* ABOUT THIS EXERCISE
Transcribe exactly the lines below that begin at the line with "The apartment has" and stop after the line with "2.5in. Cat-Back. Single", leaving out every picture.

* ENTRIES SHOWN
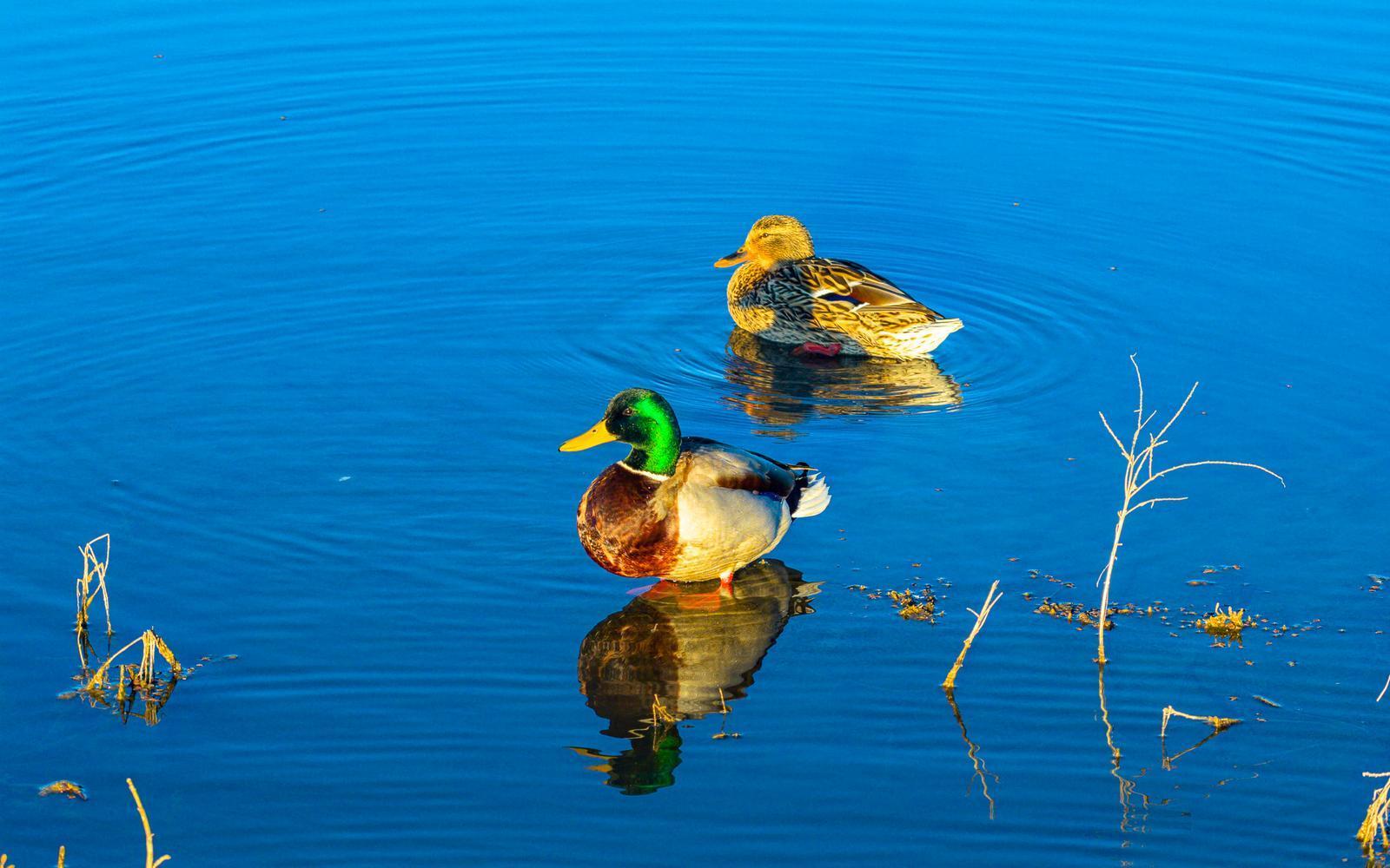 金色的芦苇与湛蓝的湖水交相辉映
---
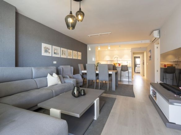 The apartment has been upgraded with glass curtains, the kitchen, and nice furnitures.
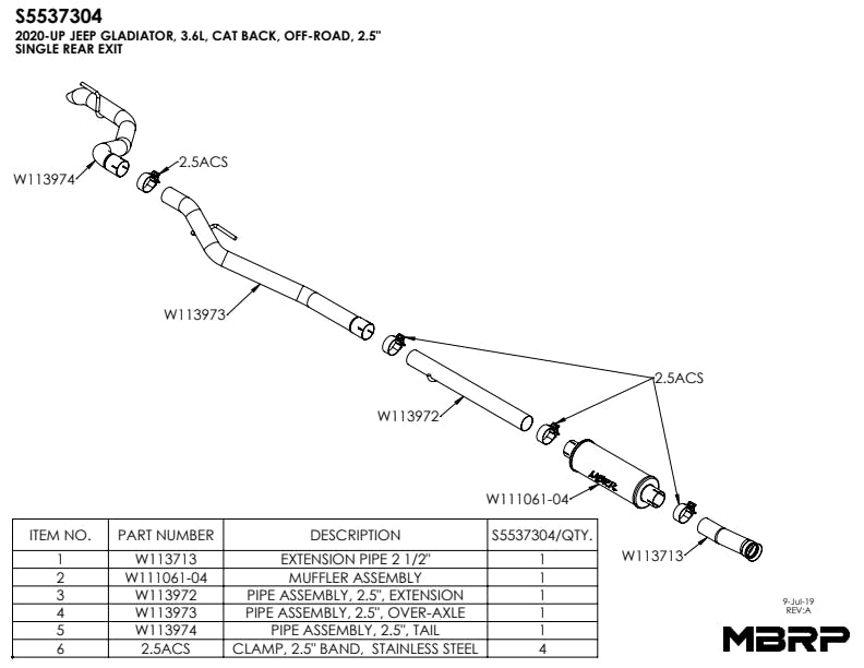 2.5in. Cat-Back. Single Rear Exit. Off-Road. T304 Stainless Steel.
---
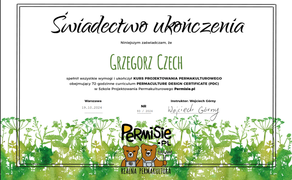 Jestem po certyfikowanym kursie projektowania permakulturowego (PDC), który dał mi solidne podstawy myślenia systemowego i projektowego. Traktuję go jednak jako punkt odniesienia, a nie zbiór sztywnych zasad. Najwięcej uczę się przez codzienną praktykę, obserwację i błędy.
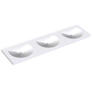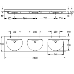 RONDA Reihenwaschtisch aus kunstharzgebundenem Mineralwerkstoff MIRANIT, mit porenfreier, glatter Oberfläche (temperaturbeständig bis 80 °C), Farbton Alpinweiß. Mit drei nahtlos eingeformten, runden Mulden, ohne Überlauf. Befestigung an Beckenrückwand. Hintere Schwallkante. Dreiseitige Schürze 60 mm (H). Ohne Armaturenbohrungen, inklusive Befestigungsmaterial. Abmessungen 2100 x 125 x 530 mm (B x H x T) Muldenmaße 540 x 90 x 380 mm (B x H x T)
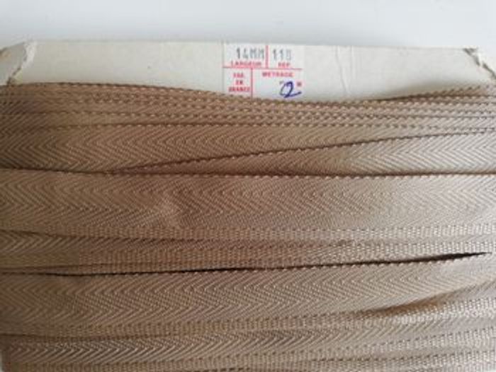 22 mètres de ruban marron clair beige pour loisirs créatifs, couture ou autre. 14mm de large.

* ANSWER TO THIS EXERCISE
 The apartment has been upgraded with glass curtains, the kitchen, and nice furnitures.
 2.5in. Cat-Back. Single Rear Exit. Off-Road. T304 Stainless Steel.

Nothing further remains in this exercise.